One of Dazhalan’s best-known shops is the Tongrentang Pharmacy, which hoards secret recipes of the Qing court and is reputed to be the oldest Chinese medicine shop in the country, founded back in 1669. Tongrentang has not only survived, but flourished – it now has branches throughout China, around Asia, and even in such far-off places as London and Sydney. Other famous shops include the Neiliansheng Shoe Store, the Ruifuxiang Silk and Cotton Fabrics Store and various shops specialising in tea leaves and musical instruments.
A few unrenovated side alleys remain in the more chaotic style of old, though their days are certainly numbered. Further to the west through the maze of hutong is Liulichang 2 [map] (琉璃厂), literally meaning “glazed tile factory”, a shopping street restored in the 1980s to its original style, which offers a wide range of Chinese arts and crafts with a generous helping of kitsch. Its name derives from the five kilns that were established nearby during the Ming dynasty to provide glazed tiles for the palaces and halls being built in the new Imperial Palace. During the Qing dynasty, the area was inhabited by Chinese officials serving a Manchu government who were not permitted to live in the Tartar City to the north. A thriving economy grew up around the community, catering to the mostly male officials, young men studying for their civil service exams and the many itinerant merchants who passed through here.

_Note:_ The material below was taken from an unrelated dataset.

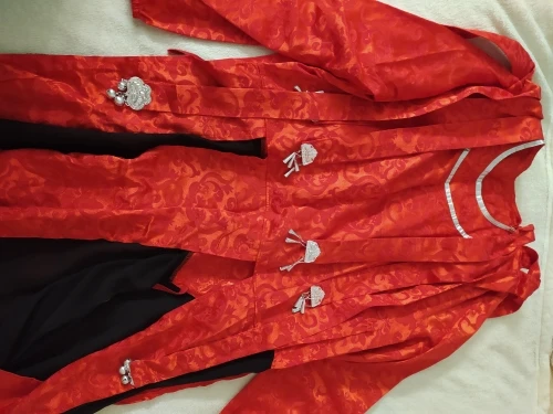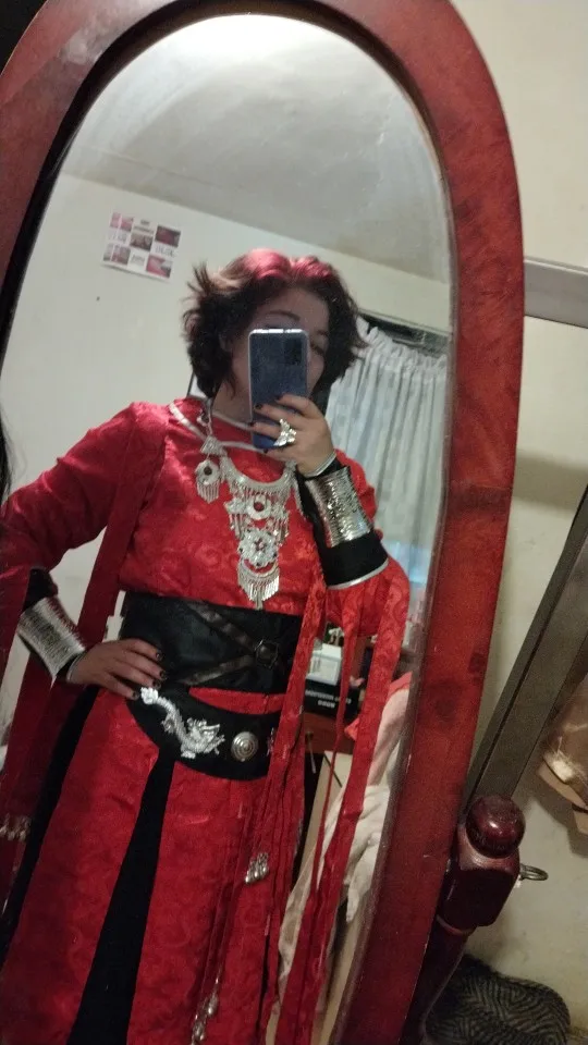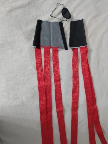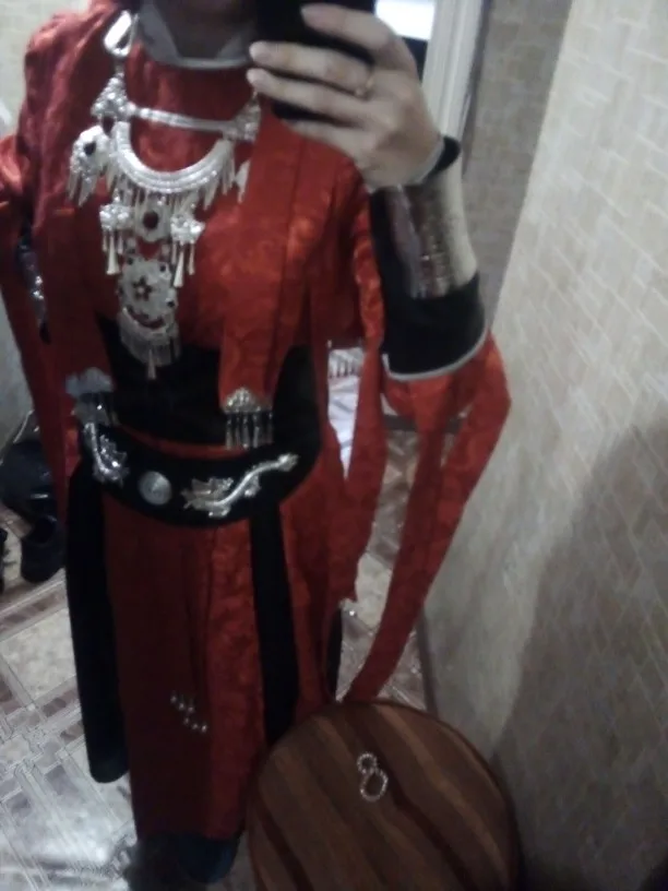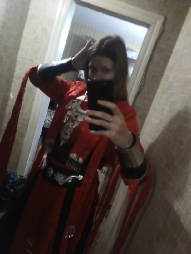 от пояса частично отвалилась деталь, но я её легко пришил обратно, а так хороший костюм, с приятной для тела тканью. Очень много бубенчиков, при ходьбе звеню :) так же вместе с костюмом шло кольцо, и повязка (второе фото), что было приятно заметить.

“Loo-le-chang appeared to be the ‘Pasternoster Row’ of Peking. The street is nearly a mile in length, and almost every shop in it is a bookseller’s.”
Robert Fortune, 1863
There are many long-established companies on Liulichang. On the eastern stretch are most of the antique (or purported antique) shops. Here you can also find the China Bookstore (at No. 115), with its collection of old books, while Yidege (No. 67) has been selling artists’ and calligraphers’ supplies since 1865. Daiyuexuan (No. 73) is the place to go for quality paintbrushes, which it has been selling since 1916. The western branch of the street has bookshops and art galleries as well as more calligraphic supplies.
Beijing Opera at the Liyuan Theatre.
David Shenkai/Apa Publications
A short distance to the north is the Zhengyici Beijing Opera Theatre (Zhengyici Xilou; 正乙祠戏楼), the oldest Beijing Opera theatre constructed entirely of wood. It was built in the 17th century and has hosted many opera masters, including Mei Lanfang, but was later converted into a hotel, which eventually closed in 1949. Through much effort, the theatre finally reopened in 1995. It can seat 150 people.